Dataset records
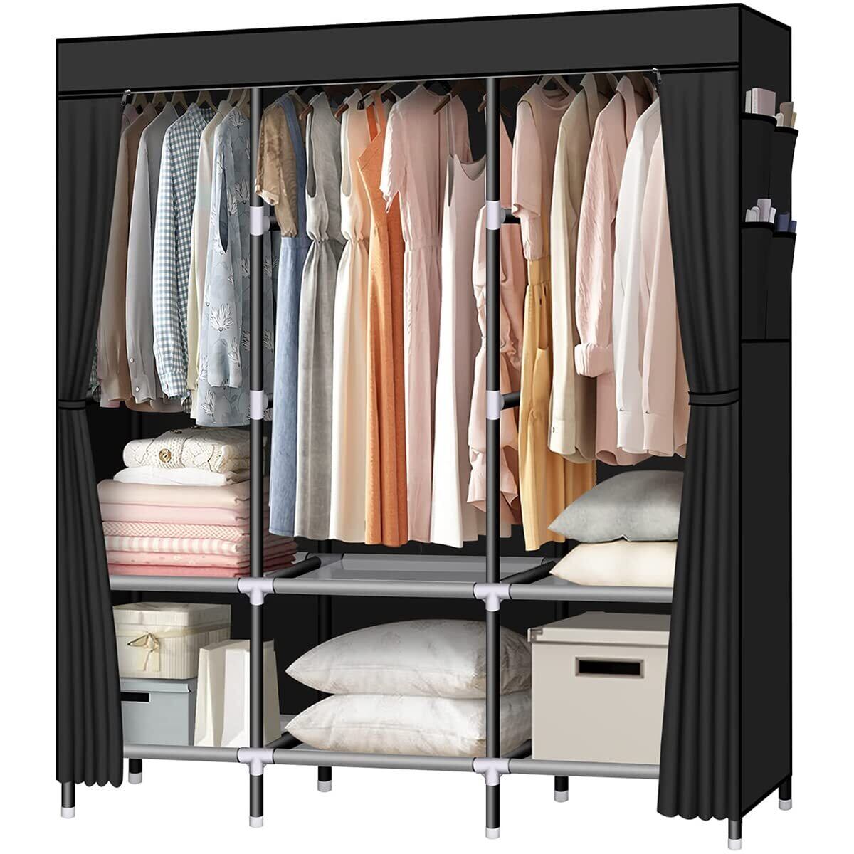 【特価商品】ワードローブ カバー付き クローゼット 不織布 大容量 ハンガーラック カバー付き シンプル収納棚 おしゃれ 組み立て式 省スペース 洋服収納ラック衣類収納ラック 防水 防塵 防汚 耐用 幅 125×奥行44×高さ172cm (ブラック)
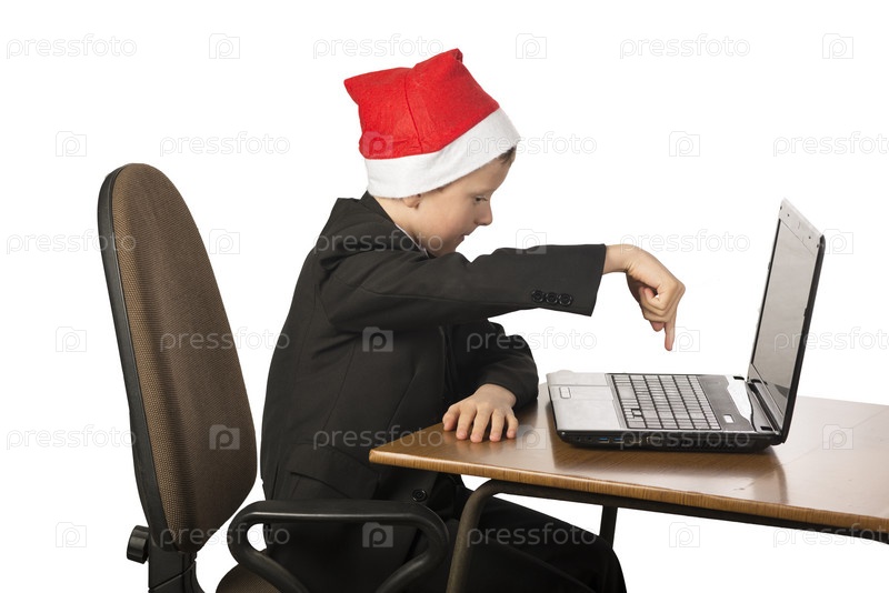 Мальчик в шляпе Санта-Клауса за компьютером
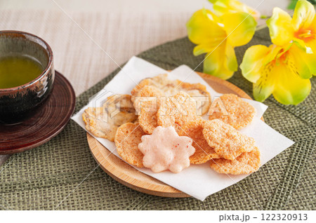 Japanese prawn crackers isolated on black background, traditional Asian restaurant snack, full depth of field
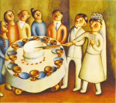 Voltemos ao jantar de que tratávamos. Após o brinde no noivo, seguiram-se outros, todos breves. Como já disse, creio que por um tácito acordo exigido pelos estômagos, nenhum dos convivas se estendia muito nas saúdes ao princípio do jantar. Depois, levantaram-se todos para ser arranjada a mesa dos doces. A este arranjo, presidiu Sinfronia, auxiliada pelas outras senhoras. O Lisboa tinha parentas num convento. Nessas casa religiosas é que eram confeccionados os melhores doces, apreciados não só pelo sabor como pela beleza dos enfeites – ramos de flores e frutos de alcorce e papel, trabalhos na verdade delicadíssimos. Sinfronia recebia presentes que lhe serviam de modela, pedia receita e, muito curiosa, como então se dizia, tornou-se perita nesses trabalhos, o que lhe valia elogios do seguinte teor: “nos conventos não se faz melhor!” A mesa, muito larga, ficou repleta. Seu aspecto vistoso e florido muito agradou a todos segundo os comentários que ouvi.
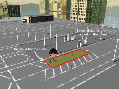 Of course, every shadow and light effect for the Shadeless objects had todo be Painted in the textures, or baked in some way, the casted shadows of Street-lamps and baskets have ben baked by a rendering from above, and the alpha channelled image has ben mapped on an untraceable plane todo match their location.
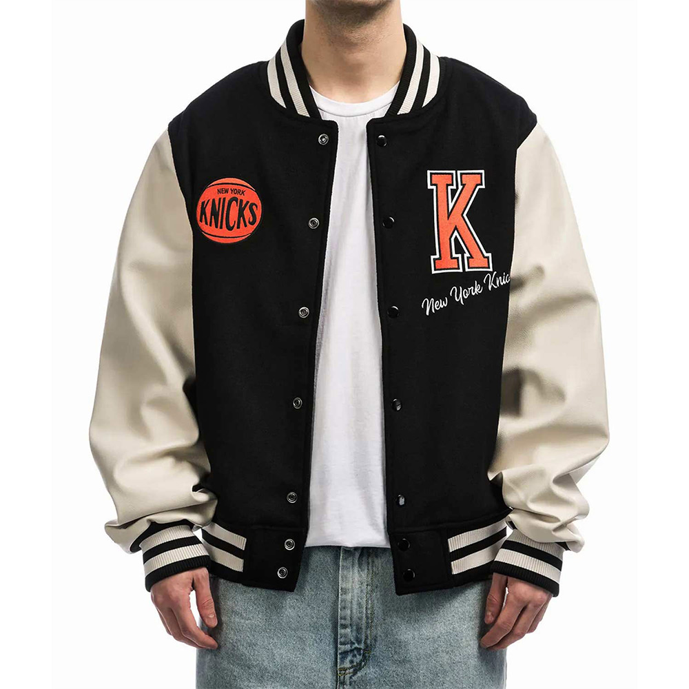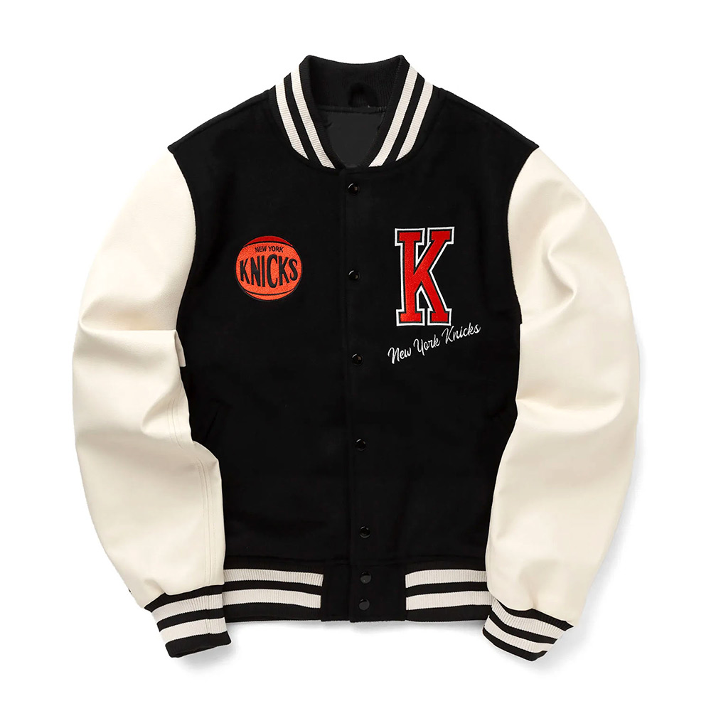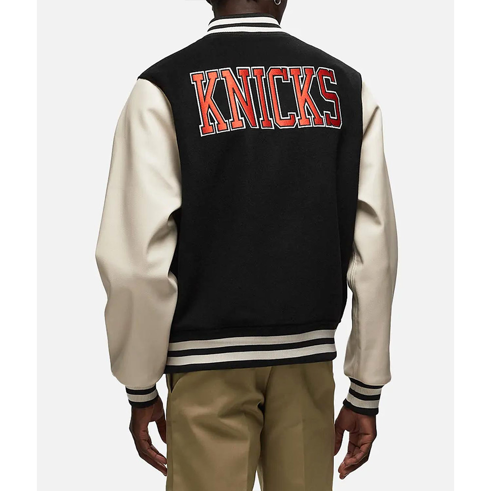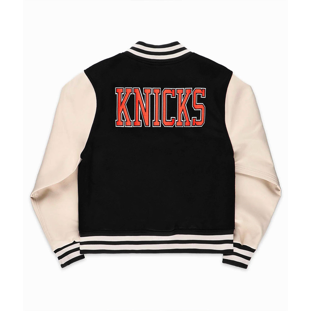 NY Knicks Black and Off White Varsity Jacket

*The task*
Give again, exactly, the lines from the start of the data through the one holding "Japanese prawn crackers"; omit the pictures.

*Your response*
 【特価商品】ワードローブ カバー付き クローゼット 不織布 大容量 ハンガーラック カバー付き シンプル収納棚 おしゃれ 組み立て式 省スペース 洋服収納ラック衣類収納ラック 防水 防塵 防汚 耐用 幅 125×奥行44×高さ172cm (ブラック)
 Мальчик в шляпе Санта-Клауса за компьютером
 Japanese prawn crackers isolated on black background, traditional Asian restaurant snack, full depth of field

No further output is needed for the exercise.